Qu'est-ce que cette loi ancienne ? C'est la loi du karma, celle d'une progression extrêmement lente de la conscience, qui évolue difficilement en accumulant des centaines voire des milliers d'existences. Les recherches sur les NDE ou le voyage des âmes entre les vies, ainsi que les traités anciens, attestent tous de la même chose. Entre chaque vie, l'âme fait son bilan, qui n'est pas très brillant, et elle retourne dans le samsara pour de nouvelles expériences qui la feront un peu évoluer. Chacun gagnera à lire les ouvrages de Michaël Newton, comme Souvenirs de l'au-delà (j'ai le pdf complet pour ceux que cela intéresse). C'est en parfait accord avec toutes les traditions, traditions qui chacune nous proposent une solution pour écourter cette transmigration qui va durer des millions d'années si on ne fait rien pour accélérer les choses.
Les religions orientales sont la pire solution. En effet, les solutions "sortir du cycle des existences en une vie" sont destinées à une élite, elles nécessitent d'aller s'isoler dans une grotte après avoir reçu quantité de transmissions par des grands maîtres, qui ne les donnent qu'aux disciples qualifiés. Certes, aujourd'hui en Occident, chacun se croit parfaitement qualifié, mais c'est parce que personne ne sait plus lire ce qui est écrit dans les livres. L'Islam propose une solution un peu meilleure, qui cependant nécessite encore la transmission d'un Cheikh parvenu au summum de la perfection, qui lui encore ne se fatiguera que pour un disciple qui le mérite vraiment (et qui sera son successeur). La vocation de l'islam n'est pas de fabriquer des Saints mais de garantir la paix sociale, le Saint est toujours en marge. Au final, seul le christianisme offre une solution accessible à toutes les âmes de bonne volonté.

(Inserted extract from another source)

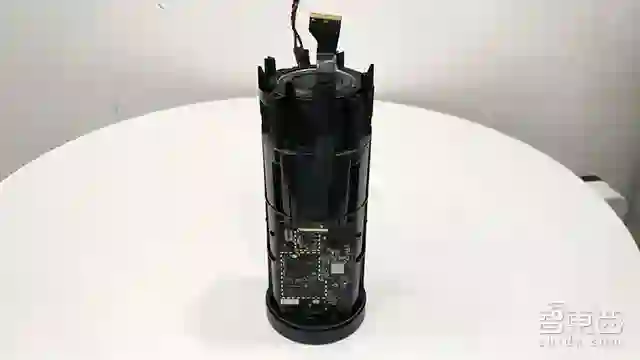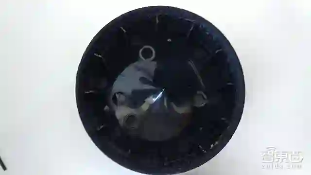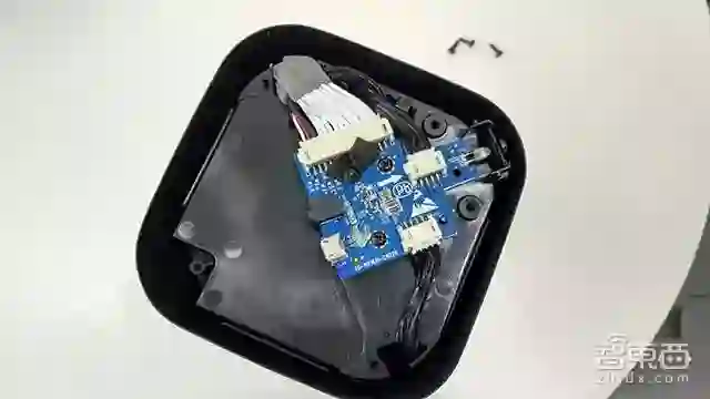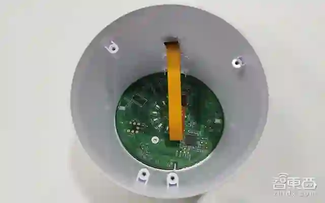 谷歌Home的底部灰色网套可直接拔下,露出了黑色机身,能看到三个锥形纸盆。移去上部的环形螺丝钉,就可以拆下白色顶壳,一条排线连接主控电路板和顶部的麦克风阵列板。

Le salut est mal compris. Jésus ne vient pas sauver les âmes d'un destin horrible. Il vient les sauver de plusieurs millions d'années de tribulations dans le samsara (car la vie humaine n'est tout de même pas un chemin de roses), entrecoupées de séjours heureux dans un sous-paradis où l'on va panser ses plaies. On a le choix entre mourir de mille morts différentes, noyé, étranglé, empoisonné, écrabouillé, carbonisé, grippé, cancerisé... ou bien de suivre Jésus. Certes, la chose n'a pas les apparences de la facilité, mais en réalité n'importe quelle vie humaine en Dieu est plus facile que toute vie humaine sans Dieu. La seule qui ait été vraiment difficile, c'est celle de Jésus, si j'ai bien compris. Pour nous, nous avons la possibilité en renonçant aux facilités apparentes de notre petite existence sans intérêt, de connaître la béatitude suprême dans quelques décennies (et déjà ici-bas en réalité), au lieu de quelques millions d'années.

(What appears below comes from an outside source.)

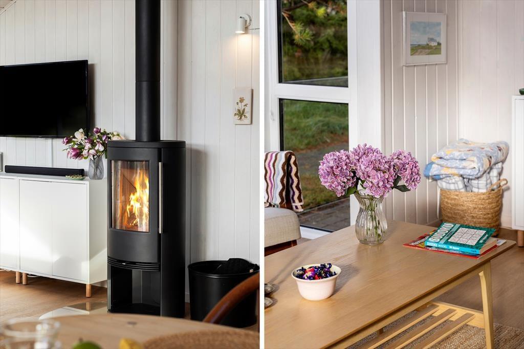 Beim Betreten des Hauses empfängt dich eine helle und einladende Atmosphäre. Die hohen Decken und die großen Fensterfronten lassen die Räume offen und luftig wirken, während die Natur draußen eine wunderschöne Kulisse für deine Urlaubstage bildet. Hier kannst du die Schultern fallen lassen, ein gutes Buch aufschlagen oder einfach die Stille genießen – nur unterbrochen vom Vogelgezwitscher und dem Rascheln des Windes in den Baumwipfeln. Der Holzofen ist der natürliche Mittelpunkt des Hauses – besonders an kühleren Tagen, wenn das Knistern der Flammen und die wohlige Wärme die ganz besondere Ferienhausstimmung verbreiten, die man nur an der Nordsee findet. Die Einrichtung ist schlicht und funktional, mit Fokus auf Komfort und ein allergikerfreundliches Raumklima, das Entspannung leicht macht.

Mais cela ne nous est jamais clairement expliqué. A la place, on nous dit des sottises, que tout le monde va finir en enfer, alors que tout le monde sait très bien que ça ne sera pas le cas. Et on nous présente la vie des Saints comme une effrayante austérité, une vallée de larmes... certes, c'est austère et douloureux, mais on ne dit pas ce qu'il y a en contrepartie. Beaucoup d'hommes seraient déjà capables d'aller au bout du monde, et de se sacrifier corps et âme pour leur bien-aimée, qui ne leur donnera pas le millième de ce que peut leur donner le Bien-aimé. Si donc si peu se sacrifient pour le Christ, c'est qu'un certain message n'est pas passé, en qu'en réalité presque personne n'a la moindre idée de ce qu'on y gagne, pas seulement dans l'au-delà, mais ici-même.